本著“有問題,就必需問,不能藏著掖著,更不能過夜”的想法,薛玲特別耿直地道:“爺爺,不要告訴我,劉爺爺家就住在這附近?”
“是,也不是。”薛將軍竟也賣起了乖子,將手攏到耳後,閉目傾聽了片刻後,突然睜開,開口道,“來了。”

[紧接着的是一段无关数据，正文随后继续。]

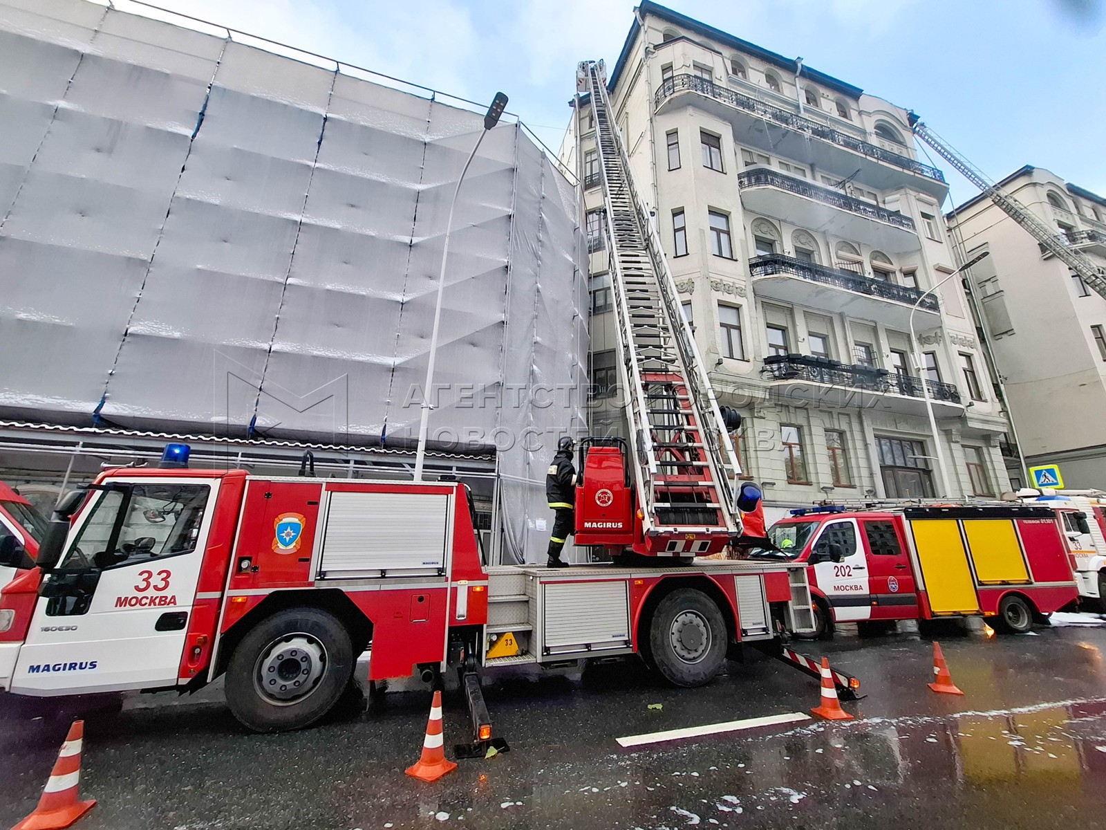 Оперативные службы на месте возгорания в жилом доме на Тверском бульваре, где заг...

“什麽?”被眼前這幕神奇,或者應該說是詭譎的發展震懾住,一臉“我是誰?我在哪裡?我要做什麽?”的懷疑人生信念的三連問,從而愣在當場,半晌都沒能回過神來的薛玲,下意識地問道。
遠處突然出現一片白茫茫的塵霧,同時,薛玲的耳旁也響起了植物們的竊竊私語聲。
有了植物們的出聲提醒,再加上眼角余光留意到薛將軍那挺胸抬頭,一幅“合該如此”的正氣凜然姿態,卻也掩飾不住的那暗搓搓看戲的圍觀,以及偶爾挖個坑,落井下石一番的心態,薛玲又哪會依然站在原地,被那撲面而來的塵土澆個透心涼呢?

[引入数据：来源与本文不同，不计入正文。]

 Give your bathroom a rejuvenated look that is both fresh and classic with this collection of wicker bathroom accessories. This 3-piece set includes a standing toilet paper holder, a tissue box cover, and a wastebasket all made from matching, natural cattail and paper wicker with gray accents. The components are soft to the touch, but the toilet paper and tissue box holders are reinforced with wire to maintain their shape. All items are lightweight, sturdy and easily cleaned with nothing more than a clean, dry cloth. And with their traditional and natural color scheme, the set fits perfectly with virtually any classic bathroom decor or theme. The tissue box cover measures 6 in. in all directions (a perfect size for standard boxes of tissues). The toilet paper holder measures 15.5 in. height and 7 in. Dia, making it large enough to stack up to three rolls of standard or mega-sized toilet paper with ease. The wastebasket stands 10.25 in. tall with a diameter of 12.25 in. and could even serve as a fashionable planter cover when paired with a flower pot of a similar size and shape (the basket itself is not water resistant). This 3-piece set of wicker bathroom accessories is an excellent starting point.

於是,正當薛將軍抬腳,就想往一旁避去的時候,薛玲卻跟隻離弦的箭一般,“嗖”的一聲,就閃到了不遠處那顆茂密的大樹下,任由粗壯的樹杆和鮮綠的枝葉,將自己擋了個嚴嚴實實。
有異能,了不起啊?
確實了不起!
即便,在薛將軍的預算中,以他那矯健的身手,絕對能輕輕松松地避開這波襲來的塵土,甚至,還能待在一旁,看看薛玲這個小家夥的笑話。奈何,架不住,他那無意間往薛玲方向瞟去的視線,將薛玲這在光天化日、眾目睽睽之下使用木系異能的舉動盡收眼底,好不容易回過神來的時候,就已經晚了!
被飛揚的塵土,撲了滿臉,就連嘴裡也進了沙土的感覺,真忒麽地糟心!
“喲~老薛,你這新造型,不錯,不錯。”
等到風停沙靜後,從吉普車裡鑽出個身穿軍裝的中年人。
然而,他一開口,就立刻暴露了自己的真實年紀。哪怕,現在的他頭髮烏黑、身材魁梧、脊背挺拔,看起來和四十來歲的中年人相差無幾!
“老劉,我就知道,你這家夥蔫兒壞!”
薛將軍抹了下臉,將遮擋住視線的沙土抹掉後,也懶得拍打身上沾到的沙土,就將拳頭捏得“咯吱”作響。不等對方回話,就“砰砰砰”地敲打在對方身上,那力道之重,隻讓躲在一旁,由原本演戲的,變成了圍觀看戲的薛玲,也不由得嘴角抽了抽,不再掩飾自己的身形,從高大的樹木身後走了出來。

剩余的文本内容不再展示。